I hold the worst & highest expectations for myself.  It’s laughable really.  It’s no wonder I’m so disappointed all of the time!  I live any where but the present.  If I’m not thinking about “what might have been”, I’m thinking about what I’m going to do next.  Meanwhile my incredible family is tugging at my pants & shouting in my face because they just want me to know that they exist.

I spent this past week living in the moment & preparing myself for our next best adventure.  I’ve let go of past events that really don’t matter.  One of them being an event at my wedding…  it was the biggest day of my life to that point & my husband “ruined it”.  It’s been years since that event; he’s more then apologized for it & has shown he’s incredibly sorry.  But I’ve secretly never forgiven him for it.  To me he ruined a day I will never, ever get back.  (But isn’t that true for every day?!)  Let’s be honest for a minute, he didn’t ruin the entire day, just the end.   Back to my point….  There is nothing left for him to do or say so it’s been up to me for all of these years to decide what I’m going to do with it.  I’ve decided to hold on to the resentment & hate him for it up until this week.  You have no idea the weight that has lifted off of my shoulders.  I haven’t told him this because if he knew how long I’ve held on to this, he’d probably freak!!  He just notices the difference & that’s what matters the most 🙂

I’ve been working on my to-do list with a section at a time & doing my best to actually complete something.  I am the biggest culprit of starting 1000 things and not finishing ANY of them.  I’ve accomplished SOOOOO much that I’m starting to scare myself.  (There are no longer piles of mail & misc items on my message center or kitchen island!!)  My laundry is manageable and we are no longer living out of laundry baskets.

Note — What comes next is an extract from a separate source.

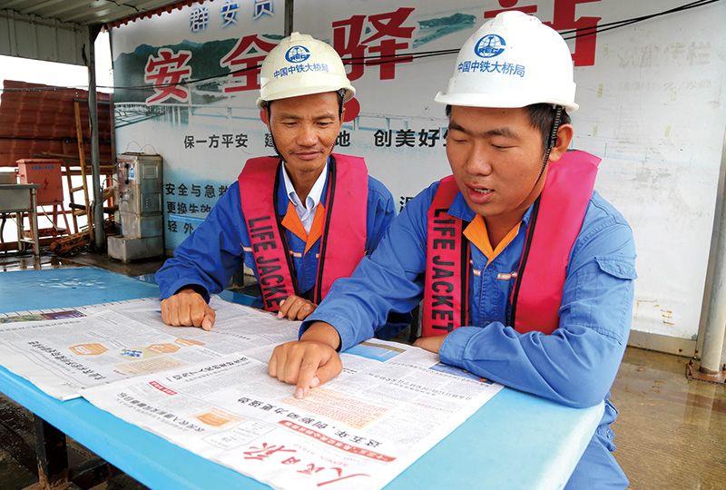 10月29日,中鐵大橋局珠機城際金海大橋項目部員工利用工餘時間,從報紙上認真學習了解黨的十九屆五中全會盛況。

My biggest hurdle of all…. spending money on organizational items and actually pulling the trigger on decor items for the house.  I always think I can find a cheaper way OR I’ll make something myself.  Who am I kidding?  I am soooo my father’s daughter & will spend a dime to save a nickel.  It’s so dumb & I drive myself crazy.  But this week I changed that.  I went shopping, spent probably way too much money (but I seriously kicked ass on the deals, no kidding!  I may have spent some change but I still refused to buy anything that wasn’t on clearance!)  but I got so much stuff this house desperately needed AND I got over half of it up and/or put away.  This has never happened in the history of the world for me.  It’s incredibly fulfilling that I can’t believe it.  I don’t think I’ll be able to do it again for  a very long time but it was fun!

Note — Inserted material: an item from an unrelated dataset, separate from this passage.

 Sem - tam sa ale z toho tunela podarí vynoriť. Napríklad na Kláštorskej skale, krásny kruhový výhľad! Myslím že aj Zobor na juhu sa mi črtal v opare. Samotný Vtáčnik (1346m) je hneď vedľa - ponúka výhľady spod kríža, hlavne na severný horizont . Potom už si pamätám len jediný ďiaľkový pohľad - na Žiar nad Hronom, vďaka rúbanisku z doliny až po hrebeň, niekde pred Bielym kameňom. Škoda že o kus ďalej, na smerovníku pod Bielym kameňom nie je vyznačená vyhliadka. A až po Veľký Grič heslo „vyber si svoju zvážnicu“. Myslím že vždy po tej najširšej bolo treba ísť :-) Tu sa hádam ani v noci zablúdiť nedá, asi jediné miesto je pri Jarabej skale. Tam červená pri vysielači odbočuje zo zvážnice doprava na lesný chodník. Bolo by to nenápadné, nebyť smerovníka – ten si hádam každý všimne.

Through all of this my family has been amazing!  I’ve never enjoyed my kids & husband more then I have this week.  I hope this feeling isn’t short lived because we’ve had the greatest week.  However, even if it is half as great, it will still be incredible.  I’ve been waiting to have a house of my own to decorate since I can’t remember when.  I’ve been waiting for the day when I had my own kids to cuddle, teach & mold for probably even longer.  These “things” have been in front of me for some time & the moments I’ve been waiting for have been coming and going.  It makes me most sad about the moments that are gone & the moments I’ve missed living in the past & trying to control the future.

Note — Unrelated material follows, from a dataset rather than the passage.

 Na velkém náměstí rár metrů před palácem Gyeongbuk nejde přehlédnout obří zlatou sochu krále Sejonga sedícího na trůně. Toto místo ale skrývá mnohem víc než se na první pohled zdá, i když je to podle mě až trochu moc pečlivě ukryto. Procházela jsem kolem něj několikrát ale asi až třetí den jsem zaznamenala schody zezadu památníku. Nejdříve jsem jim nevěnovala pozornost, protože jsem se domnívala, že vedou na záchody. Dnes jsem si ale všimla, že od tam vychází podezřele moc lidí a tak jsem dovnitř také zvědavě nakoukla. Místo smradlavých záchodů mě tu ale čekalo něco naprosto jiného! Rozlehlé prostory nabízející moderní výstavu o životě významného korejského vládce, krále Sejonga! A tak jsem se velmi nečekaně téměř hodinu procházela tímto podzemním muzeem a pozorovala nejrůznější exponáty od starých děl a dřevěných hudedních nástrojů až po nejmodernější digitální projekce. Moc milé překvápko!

Any other day I would spend my “free time” thinking about why I’ve been missing these moments & how and what I’m going to change to take advantage of my future.  But this day it’s different…. I’m not thinking about this.  I’ve let it all go.  Today my free time is spent enjoying my “me time”.  It’s never very long; 15 mins is about it.  But it’s mine.  I put everything aside for 15 min & reflect on the good things.  Any other day I would have been trying to figure out what I could to differently to be happy.  Today, I’ve decided that I’ll stop trying to create happiness & let the moments happens as they may.  Sure, we have rough days.  We have days where I really want to throw in the towel & scream at the top of my lungs.  But the most fabulous days out number those days so…. piss off Lou!

For me the past is gone.  I loved it and I hate it.  I’ve let go of the hate & regrets, sent out the forgiveness and moved on to the present.  And it’s fabulous here!